Trump blasts Senate GOP for failure to repeal Obamacare

President Trump on Saturday urged Senate Republicans to take up another health care bill "before voting on any other bill," saying they will unless they're "total quitters," and threatening to end "bailouts" for insurance companies and members of Congress if they don't.

But only the day before, after Senate Republicans' attempt to repeal parts of Obamacare failed in a drama-filled, middle-of-the-night vote, the president tweeted, "As I said from the beginning, let ObamaCare implode, then deal. Watch!" The latest tweets from the president on Saturday indicate that, even as the House and Senate leave for August recess, he will pressure them to charge ahead. 

The president's tweet about "bailouts" ending for insurance companies could refer to cost-sharing subsidies, which are payments the federal government makes under Obamacare to insurance companies to subsidize lower health-care costs for low-income families. That tweet came after the president spent the morning on Twitter railing against the "very outdated filibuster rule," saying the Senate should only need 51 votes, not 60. The Senate health care bill failed to gain 51 votes, attracting 49 votes in favor.
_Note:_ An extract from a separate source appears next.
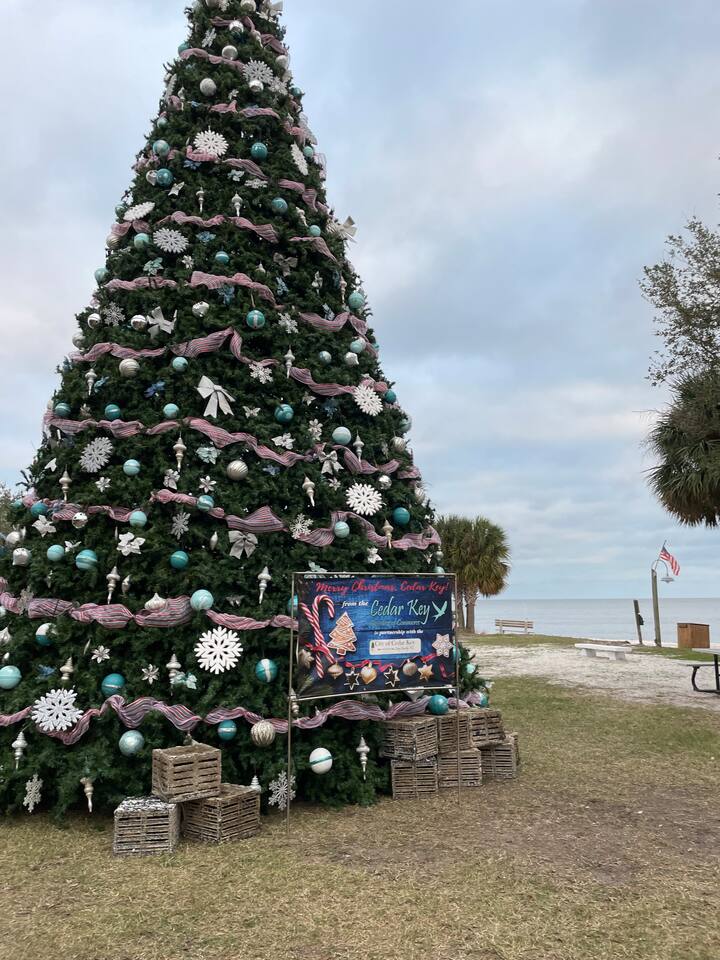 Cedar Key Florida condo with view of park and beach. We are pet friendly! Welcome to the island ! You will have all the comforts of home including 2 burner stove, refrigerator, microwave and air fryer/toaster oven. The unit balcony is overlooking the park and golf of Mexico.. Seafood restaurants serve amazing fresh local seafood. Enjoy a fishing trip, go dolphin watching on sunset cruise, enjoy shopping and art shows. Take a short drive to Crystal River and swim with manatees

But, despite the president's urging that the Senate take up another health care bill before voting on anything else, Senate Minority Leader Mitch McConnell (R-Kentucky) made it clear that his chamber is moving on to other things.

"It is time to move on," McConnell said when the Health Care Freedom Act failed early Friday morning, noting the other unrelated topics the Senate would take up in the hours ahead.